ОНА: В разговоре отказано, но вы будете внесены в списки сегодня в Лазенковском дворце. При
себе иметь документы. Начало в восемь.
Я: Извините, пани…
ОНА: Фройляйн.
Я: Простите великодушно, что там будет?
ОНА: Увидите на месте. Желательно не опаздывать. Доброго дня.
АГА! Географическое название! Так это мы все это время были в Варшаве!
Это ж что за талант такой, описать самый большой город Польши как деревню на три дома?!
Джон гадает, что же во дворце и что с мальчиком, но успевает и похвалить себя за стальные нервы.
Но еще месяц назад, я бы сейчас не находил себе места, а не
попивал бы чай.
а эту часть письма я просто вынесу отдельно: без комментариев:
Говорил же Иисус про деревья и рыб, что они уповают на Господа и все у них хорошо.

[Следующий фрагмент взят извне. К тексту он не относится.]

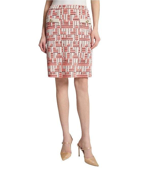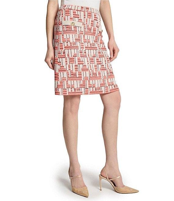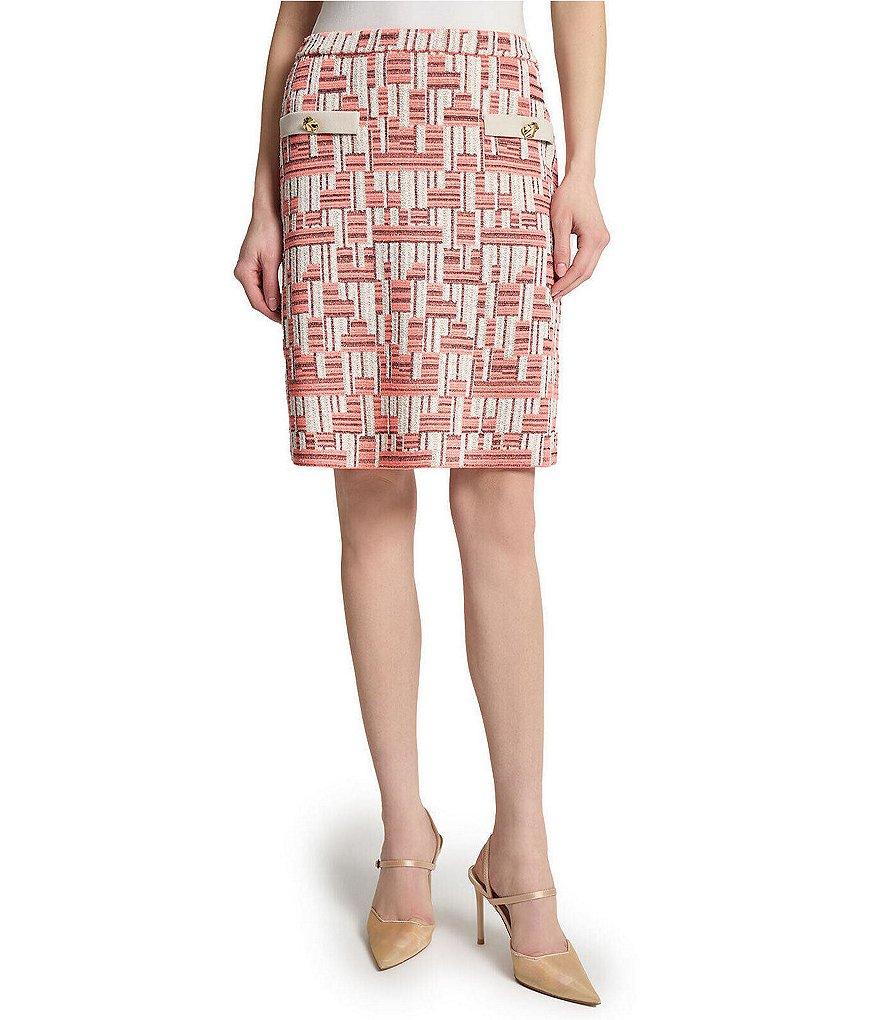Ming Wang Geometric Knit A-Line Skirt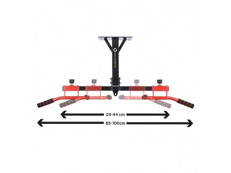 Gummi placeres på stangens håndtag for at forhindre, at hånden glider. Takket være dette får vi et fast greb, hvilket er meget vigtigt under pull-ups. Dette har en direkte indvirkning på sikkerheden og komforten ved brugen. Bredden på håndtagene justeres let og hurtigt, og der er 5 niveauer.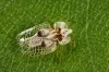 Dospělci kladou vajíčka na jaře na spodní stranu listů. Na přelomu léta se z vajíček líhnou nymfy, které koncem srpna přecházejí v dospělce. Dospělé ploštice sají, v závislosti na počasí, až do podzimu – nápadným pobytovým znakem této drobné ploštice jsou malé kupičky černého trusu přilepené na spodní straně listů. Na zimu zalézají do škvír pod destičkovitou kůrou, kde ve skupinách přezimují.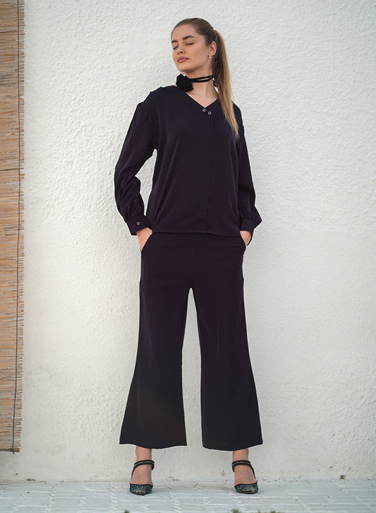 Serene Floral Co-ord (Shirt & Trouser) - Black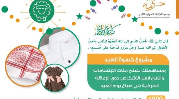 أطلقت جمعية الإعاقة الحركية للكبار "حركية " مشروع "كسوة العيد " للأشخاص ذوي الإعاقة الحركية من مستفيدي الجمعية وأسرهم بغرض إضفاء السعادة لهم صباح يوم عيد الأضحى المبارك .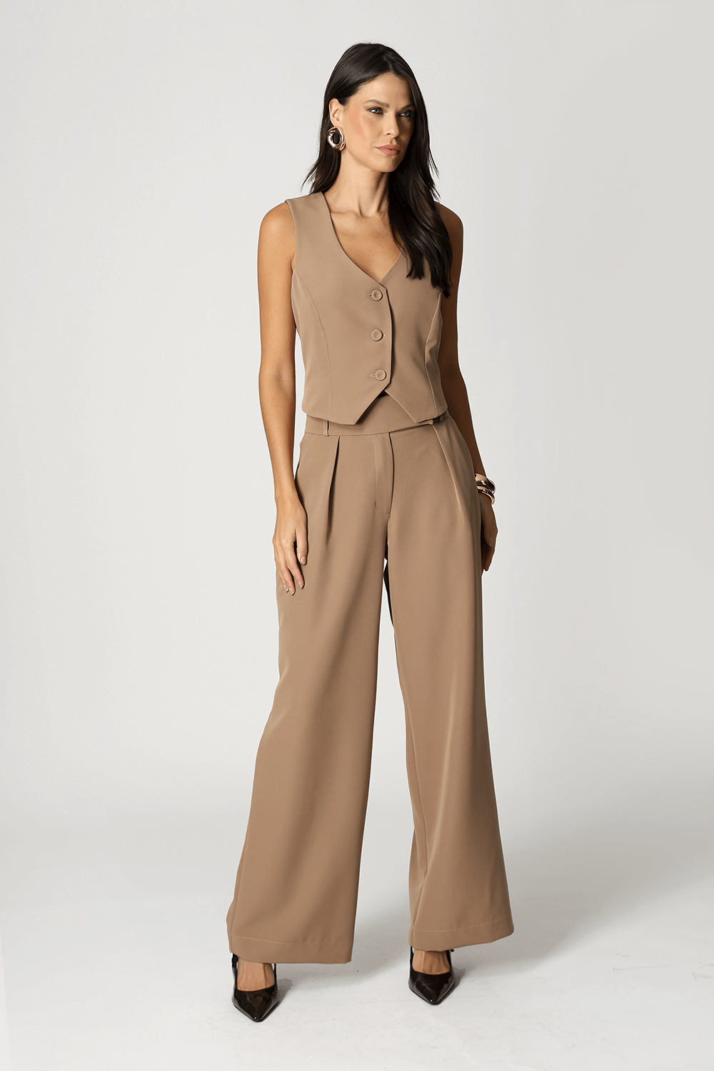 Colete feito em alfaiataria com shape cropped. Uma peça perfeita para deixar seu visual moderno e elegante para um look work e casual.
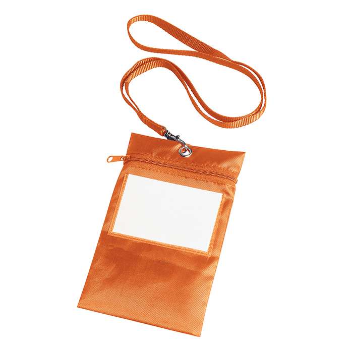 borsellino collier multiuso nylon 210D; chiusura con cerniera; occhiello in metallo; laccetto con gancio; tecnica di stampa consigliata: serigrafica -sublimatica (BI)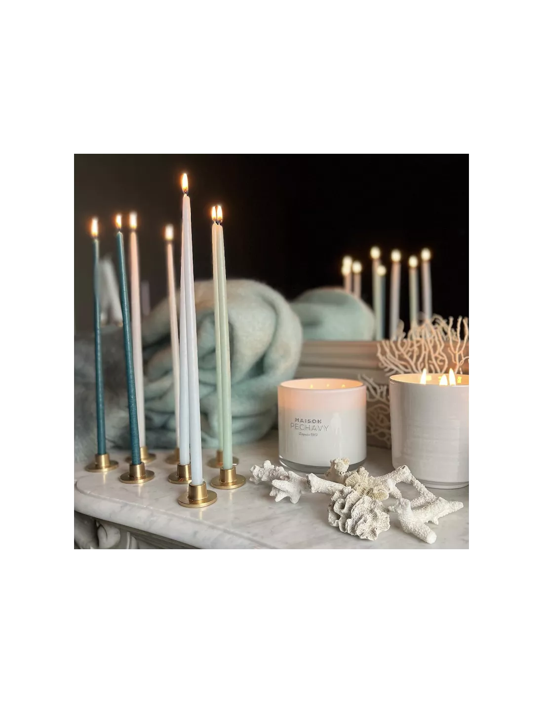Maison Péchavy a eu la bonne idée d’associer des coffrets 20 cierges chandelles fines aux couleurs variées.

Выходит, я недостаточно уповаю, что не могу поверить в реальность без подтверждений – и у
фюрера все хорошо, и у людей.
Письмо 22
Пишу в церкви, с церкви. С крыши.
Пью кофе и думаю о нем.
А меж тем город частично оцеплен.
Даже отрезки улиц рядом с Лазенки парком оцепили. Будки поставили, машины подъезжали, шел обмен, шлагбаум открывался. Отдельная очередь для пеших. Суешь в окошечко документы.
Проходишь.
Самое главное действо происходило на входе у Бельведерского дворца. Тут царил абсолютный
коммунизм перед обыском. Богатый, нищий, женщина, мужчина – все обыскивались одинаково
тщательно, для всех – стандартизированная процедура.

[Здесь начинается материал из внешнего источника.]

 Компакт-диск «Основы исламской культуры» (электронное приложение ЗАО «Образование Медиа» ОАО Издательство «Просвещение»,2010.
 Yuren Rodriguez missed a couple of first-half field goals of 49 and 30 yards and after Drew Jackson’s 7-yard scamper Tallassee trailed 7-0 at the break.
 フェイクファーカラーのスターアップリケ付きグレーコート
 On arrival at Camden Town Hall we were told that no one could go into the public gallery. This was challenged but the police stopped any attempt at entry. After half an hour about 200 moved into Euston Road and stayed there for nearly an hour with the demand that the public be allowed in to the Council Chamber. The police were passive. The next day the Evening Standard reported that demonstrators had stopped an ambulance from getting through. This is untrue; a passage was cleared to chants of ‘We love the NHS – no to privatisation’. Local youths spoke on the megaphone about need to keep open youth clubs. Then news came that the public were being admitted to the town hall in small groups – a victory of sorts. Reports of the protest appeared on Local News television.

Тут – никаких латышей, украинцев, эстонцев. Тут стояли немцы.
Удивительно, Кэт, в них совсем невозможно было найти человека. И это здорово! Все – эсэсовцы, и все – отлаженные механизмы. Обыск проходил чуть ли не в торжественной тишине. Никаких
шуток, переговорчиков, лишних вопросов. Они даже «проходите» не говорили. Механизм просто
закрывал веки на один момент дольше, и ты понимал, что пропущен.
И это ЗДОРОВО.
Они не стараются унизить, не получают удовольствия, не любопытствуют, не говорят, не живут – они работают.

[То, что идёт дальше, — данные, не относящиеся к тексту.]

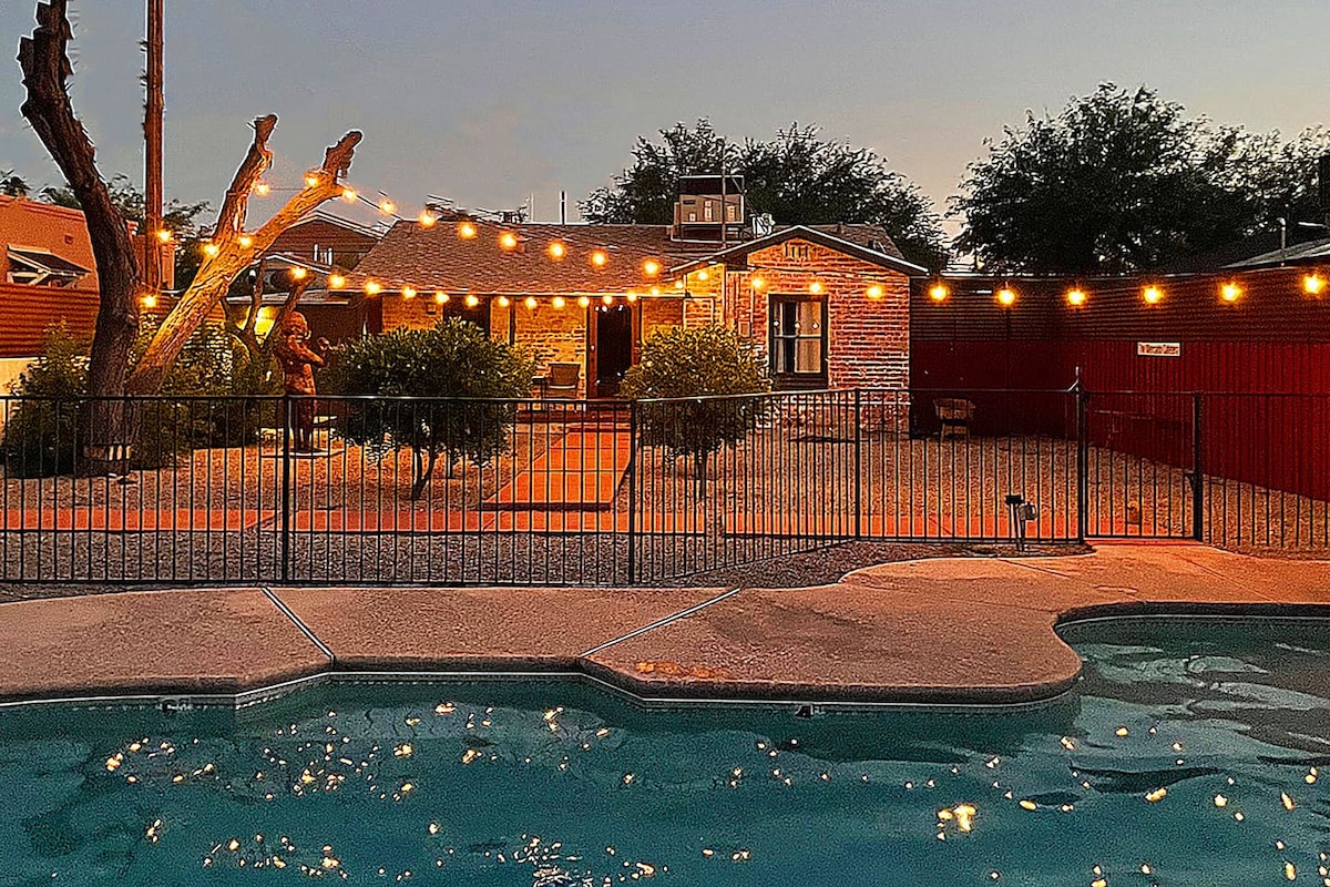 Este estudio es espacioso y cómodo. Es independiente, aislado, en una calle tranquila, con amplio estacionamiento en la calle y completamente vallado. El patio tiene una rama con una mesa, sillas, luces de cuerda y una chimenea. En el interior, te encantarán el adobe expuesto, el tragaluz y los techos de vigas de madera. La cocina totalmente equipada está actualizada, con electrodomésticos de tamaño completo. En el corazón de Armory Park, está cerca de 5 puntos, el centro de la ciudad, la histórica 4th Ave y la Universidad de Arizona. ¡Pregúntame por restaurantes, senderismo, compras y excursiones de un día!

Отныне я уверен, Кэт, вот так должна выглядеть идеальная система государственного управления
большими массивами людей. Система, исключающая человеческий фактор. Такой парадокс. Но
ведь жизнь, Кэт, только и соткана, что из парадоксов.
Гори в аду.
О, Кэт, я, как духовник, могу тебе сказать – ничего нет полезнее для этой сточной канавы из грехов чревоугодия, тщеславия и похоти, коей являются люди – ничего нет для них полезнее, чем
смирение.
И ведь эсэсовцев этих легко представить в каком-нибудь кабачке в выходной день. Тихие
граждане, добротные семьянины, только с секунды, как форма застегнута, а волосы прилизаны –
они механизмы. Они больше не имеют право на мелкость человеческую. На низость и подлость.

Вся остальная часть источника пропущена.